Apart from one oral study of limited significance in pigs, no repeated-dose toxicity studies with pitch addressing effects other than carcinogenicity have been located. The subchronic feeding study in mice with coal-tar material (compared to pitch a worst case) indicates that more marked toxicity following long-term exposure to pitch is unlikely to occur.

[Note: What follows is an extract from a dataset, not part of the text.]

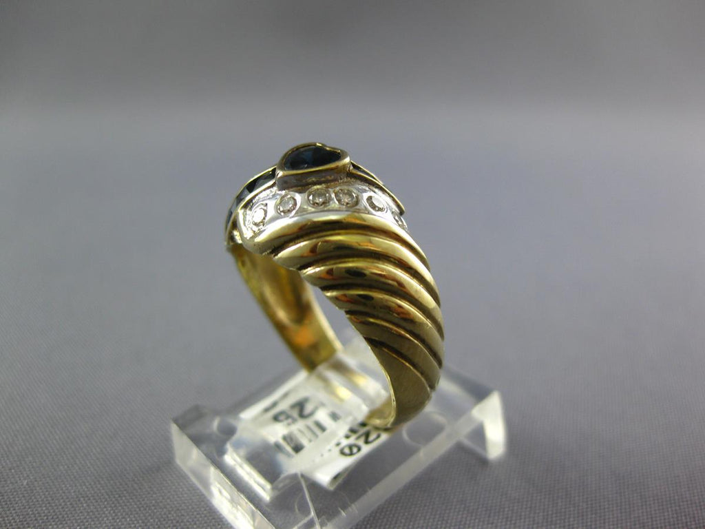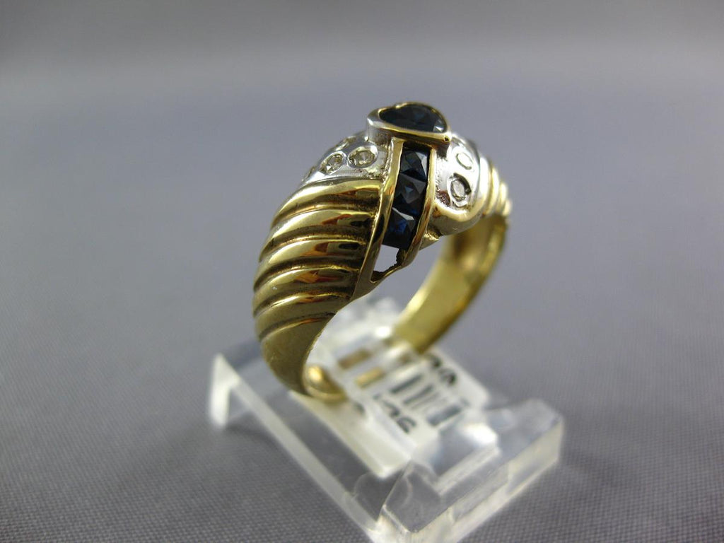 14KT YELLOW GOLD LOVE RING. 3D HEART DESIGN. ROUND DIAMONDS ARE F/G COLOR VSSI CLARITY .18 CARATS. AAA HEART SHAPE AND PRINCESS CUT SAPPHIRES ARE 1.13 CARATS. MEASURES 9mm WIDE. RING SIZE 5.75. CAN BE SIZED BY OUR MASTER JEWELER UPON REQUEST. WRITTEN APPRAISAL AVAILABLE. COMES IN A PRESENTABLE GIFT BOX.

Tars and pitches constitute a family of products that result from different distillation steps of coal (condensation products and distillation residues). Depending on distillation step and distillation temperature, constituents of the products and their portions are variable. But major components of all the distillation products and residues are condensed ring aromatic hydrocarbons in varying composition (i.e. polynuclear aromatic hydrocarbons). Major toxicological effects of these products will primarily be caused by the PAH fraction in the respective substances. Especially for toxicological endpoints that fall into the toxicological action profile of PAH, it is justified to use related tars and pitches as supporting substances to characterise potential effects of pitch, coal tar, high temp.

Repeated dose toxicity: via oral route - systemic effects (target organ) digestive: liver

Justification for classification or non-classification

Pitch is not classifiable, as there was no evidence for specific target-organ effects at doses lower than 100 mg/kg bw/d (test material: coal tar).